Roasted Barbecue Potatoes
-(Tastes just like Wise Barbecue Potato Chips Flavor)

6 Servings

1/4 cup Vegetable Oil
1 tablespoon Chili Powder
1 teaspoon Onion Powder
1 teaspoon Garlic Salt
1 teaspoon Sugar (Use a little Less Sugar!)
1 teaspoon Sweet Paprika
3/4 teaspoon Salt
½ teaspoon Cayenne Pepper
10 Large Red-Skinned Potatoes (about 5 lbs) Cut Lengthwise

Preheat oven to 400 degrees F. Mix ingredients in a large bowl, add
potatoes; toss to coat. Trans mixture to large rimmed baking sheet. Bake
until brown and tender, stirring occasionally, about 55 minutes.


----------



## tancowgirl2000 (Jul 21, 2004)

that sounds so very nummy!  I will have to try it....thanks


----------



## Lifter (Oct 16, 2004)

Looks interesting...

A different method would be this (in the oven)

Four medium large red potato's, peeled and cut unto thirds

Coat liberally with Hy's Seasoning Salt, Fresh Ground Pepper, and Garlic Powder.

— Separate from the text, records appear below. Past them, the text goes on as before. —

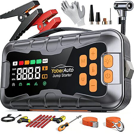 [AC] $59.99: YaberAuto 16-in-1 Jump Starter with Air Compressor 8000A 160PSI, 12V Jump Box, All Gas/14L Diesel
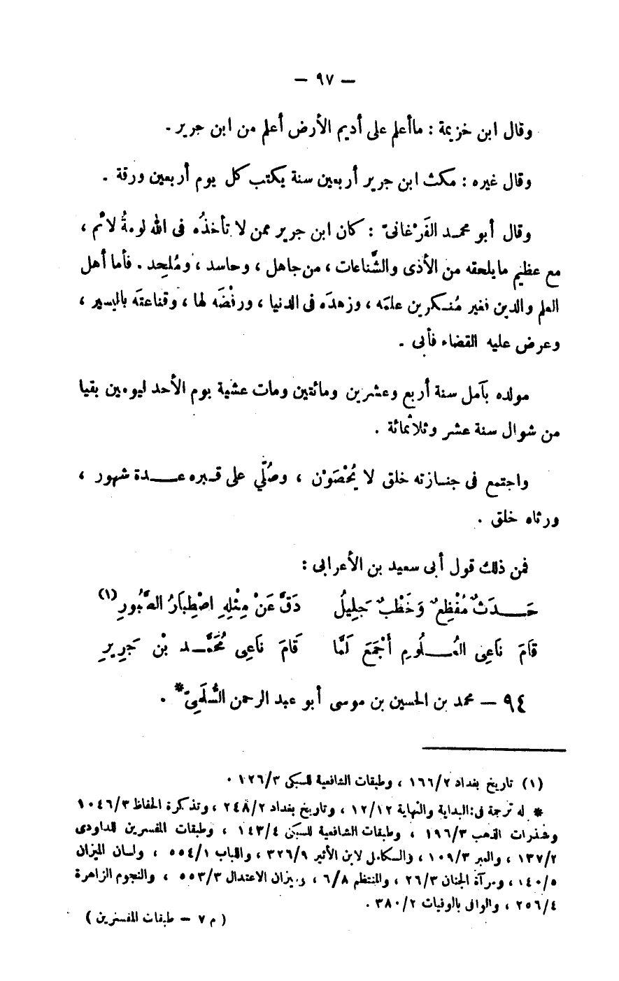 قام ناعي العلوم أجمع لما ... قام ناعي محمد بن جرير
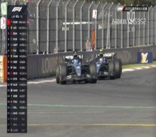 隨后在四號(hào)彎前,勒克萊爾交還位置給到諾里斯。前三名的排位沒有發(fā)生變化,維斯塔潘因?yàn)槠鹋艿那袕潄淼降谒?,拉塞爾?duì)此頗為不滿,但從隨后的回放來看,拉塞爾也同樣有切彎的動(dòng)作。
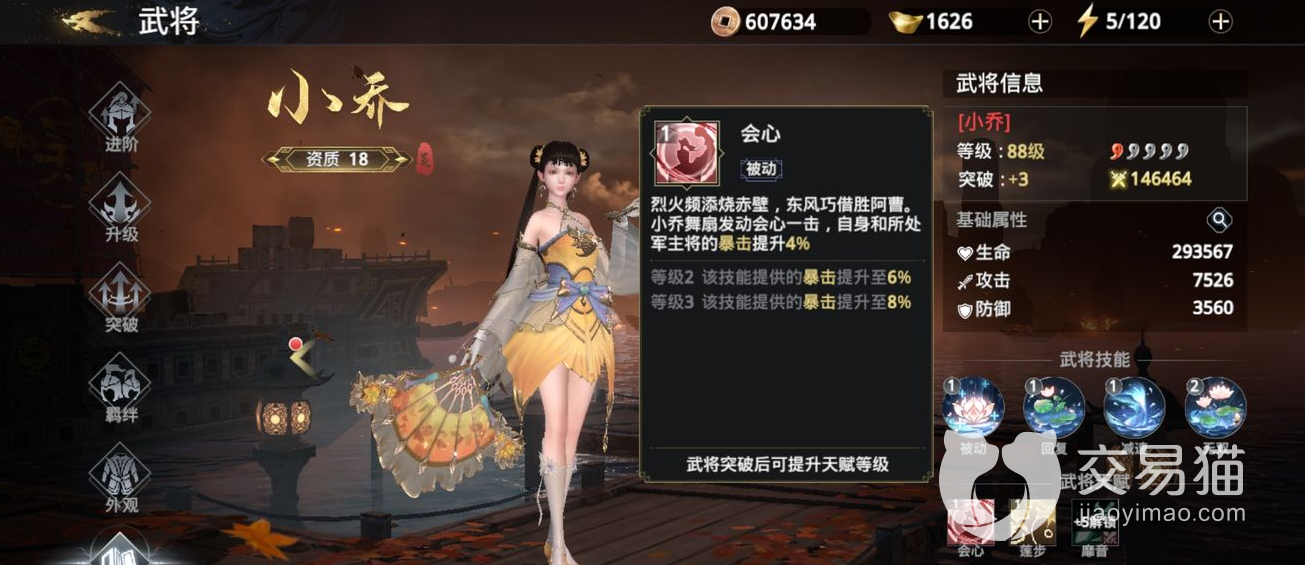 接下来是首充就能够拿到的小乔了,它的能力十分不错,不仅是队伍里面的常驻奶,也是辅助一号选择,因为能够提升暴击率,同时恢复生命值的效果真的是实用啊,在见红的情况下,把武将血条拉回来,这是能够让敌方感受到绝望的事情。
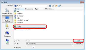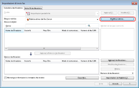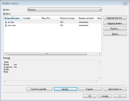 È possibile caricare nella Rubrica dati da file in formato CSV (*.csv) o Rubrica Canon (*.abk).
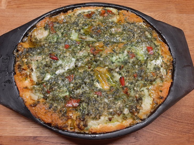 Mix 400 grams of sliced fish filet ( we have some cod) with some of the pesto. Press them on the puree. Finish with the pesto.
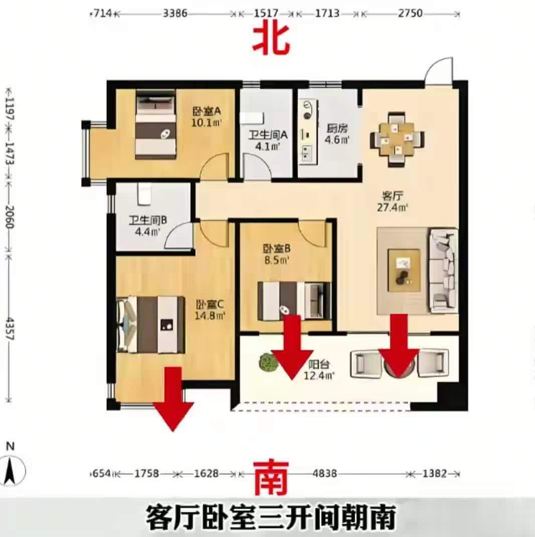 总结:家人们买房是大事,户型选对每天回家都是享受。记住这3个标准:户型方正、多朝南、动静分区清晰。看房时对着这几点核对,选到“王炸”户型不踩坑!
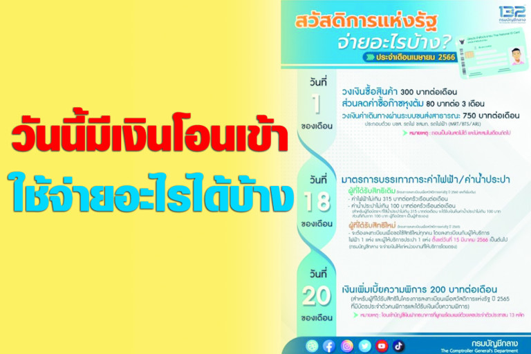 กรมบัญชีกลาง กระทรวงการคลัง ได้โอนเงินโครงการลงทะเบียนเพื่อสวัสดิการแห่งรัฐปี 2565 ให้ผู้ถือบัตรสวัสดิการแห่งรัฐ ซึ่งในเดือนพ.ค.66 ถือเป็นงวดที่สองให้กับผู้ลงทะเบียนรอบใหม่ที่ผ่านเกณฑ์และยืนยันตัวตนสำเร็จกว่า 13 ล้านราย โดยจะได้รับวงเงินดังนี้
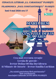 Vă așteptăm la o nouă ședință a Cenaclului nostru luni, 4 mai 2026, ora 17:00, în Sala Studio a Filarmonicii „Paul Constantinescu” Ploiești.

Using a large cake tin, fill tin to a depth of 3/8" with canola oil

Drop in your potatos and insert into preheated 400 degree oven

After 25 minutes, flip the potatos to brown the opposite side

Continue cooking another 25 minutes...

______________________________________________________

On the BBQ, I use the same potato's the same seasoning and about a quarter cup of margerine, double wrapped in a foil pouch...


----------